(Collected data entries)
--- START ---

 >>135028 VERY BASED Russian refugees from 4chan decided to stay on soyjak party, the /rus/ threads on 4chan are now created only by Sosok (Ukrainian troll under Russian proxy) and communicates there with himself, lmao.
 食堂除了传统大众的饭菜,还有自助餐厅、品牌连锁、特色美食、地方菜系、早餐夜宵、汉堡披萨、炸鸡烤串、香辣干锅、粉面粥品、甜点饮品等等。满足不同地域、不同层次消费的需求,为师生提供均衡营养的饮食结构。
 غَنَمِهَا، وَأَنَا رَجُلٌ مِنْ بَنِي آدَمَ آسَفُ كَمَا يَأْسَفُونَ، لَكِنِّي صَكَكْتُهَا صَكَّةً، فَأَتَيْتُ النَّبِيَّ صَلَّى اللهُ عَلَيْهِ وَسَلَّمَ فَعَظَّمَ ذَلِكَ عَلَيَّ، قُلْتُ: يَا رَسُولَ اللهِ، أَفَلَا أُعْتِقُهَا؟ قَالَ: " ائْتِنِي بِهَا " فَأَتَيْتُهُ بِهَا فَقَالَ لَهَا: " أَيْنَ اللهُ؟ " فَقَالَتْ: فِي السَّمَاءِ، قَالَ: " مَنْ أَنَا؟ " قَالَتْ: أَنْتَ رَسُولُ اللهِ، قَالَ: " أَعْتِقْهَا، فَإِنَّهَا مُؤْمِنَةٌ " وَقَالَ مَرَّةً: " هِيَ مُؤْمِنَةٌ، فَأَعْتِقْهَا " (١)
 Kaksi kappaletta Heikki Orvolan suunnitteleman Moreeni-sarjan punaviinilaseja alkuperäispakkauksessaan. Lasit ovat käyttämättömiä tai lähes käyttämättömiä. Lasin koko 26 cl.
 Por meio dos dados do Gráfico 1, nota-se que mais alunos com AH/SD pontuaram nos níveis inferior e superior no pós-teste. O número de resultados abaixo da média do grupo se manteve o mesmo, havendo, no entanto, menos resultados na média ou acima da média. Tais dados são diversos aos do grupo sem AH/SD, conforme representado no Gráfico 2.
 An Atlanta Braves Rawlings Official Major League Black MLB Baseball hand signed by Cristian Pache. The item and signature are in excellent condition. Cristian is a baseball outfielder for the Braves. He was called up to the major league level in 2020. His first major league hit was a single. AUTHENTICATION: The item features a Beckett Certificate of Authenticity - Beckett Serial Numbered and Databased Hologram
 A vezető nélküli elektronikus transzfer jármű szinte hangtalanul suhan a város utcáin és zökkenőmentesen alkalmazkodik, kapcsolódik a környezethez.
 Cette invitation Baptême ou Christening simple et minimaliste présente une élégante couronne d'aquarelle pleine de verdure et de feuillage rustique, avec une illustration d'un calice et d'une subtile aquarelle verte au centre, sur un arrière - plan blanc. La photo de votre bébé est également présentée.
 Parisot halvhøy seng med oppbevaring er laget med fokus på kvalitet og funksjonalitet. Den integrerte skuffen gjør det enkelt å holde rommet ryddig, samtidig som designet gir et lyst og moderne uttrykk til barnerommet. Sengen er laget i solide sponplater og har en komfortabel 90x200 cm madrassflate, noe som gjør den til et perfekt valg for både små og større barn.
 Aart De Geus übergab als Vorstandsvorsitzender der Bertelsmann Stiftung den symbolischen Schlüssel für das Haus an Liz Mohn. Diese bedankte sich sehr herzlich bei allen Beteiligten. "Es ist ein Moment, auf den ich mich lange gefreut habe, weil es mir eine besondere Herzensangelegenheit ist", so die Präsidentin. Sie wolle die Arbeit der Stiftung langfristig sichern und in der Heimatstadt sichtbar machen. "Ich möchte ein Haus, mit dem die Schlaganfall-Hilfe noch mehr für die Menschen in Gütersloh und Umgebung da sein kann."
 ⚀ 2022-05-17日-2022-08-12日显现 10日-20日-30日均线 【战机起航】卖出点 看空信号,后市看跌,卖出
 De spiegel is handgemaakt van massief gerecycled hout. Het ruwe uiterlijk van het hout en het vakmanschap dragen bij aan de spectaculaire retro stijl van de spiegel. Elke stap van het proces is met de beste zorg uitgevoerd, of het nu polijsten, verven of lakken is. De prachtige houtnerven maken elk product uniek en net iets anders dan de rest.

--- END ---

(Required action) There is a run of lines above from the one with "Aart De Geus" to the one with "10日-20日-30日均线 【战机起航】卖出点 看空信号,后市看跌,卖出"; print exactly that run, both ends included, and nothing else.

(Answer to this task)
 Aart De Geus übergab als Vorstandsvorsitzender der Bertelsmann Stiftung den symbolischen Schlüssel für das Haus an Liz Mohn. Diese bedankte sich sehr herzlich bei allen Beteiligten. "Es ist ein Moment, auf den ich mich lange gefreut habe, weil es mir eine besondere Herzensangelegenheit ist", so die Präsidentin. Sie wolle die Arbeit der Stiftung langfristig sichern und in der Heimatstadt sichtbar machen. "Ich möchte ein Haus, mit dem die Schlaganfall-Hilfe noch mehr für die Menschen in Gütersloh und Umgebung da sein kann."
 ⚀ 2022-05-17日-2022-08-12日显现 10日-20日-30日均线 【战机起航】卖出点 看空信号,后市看跌,卖出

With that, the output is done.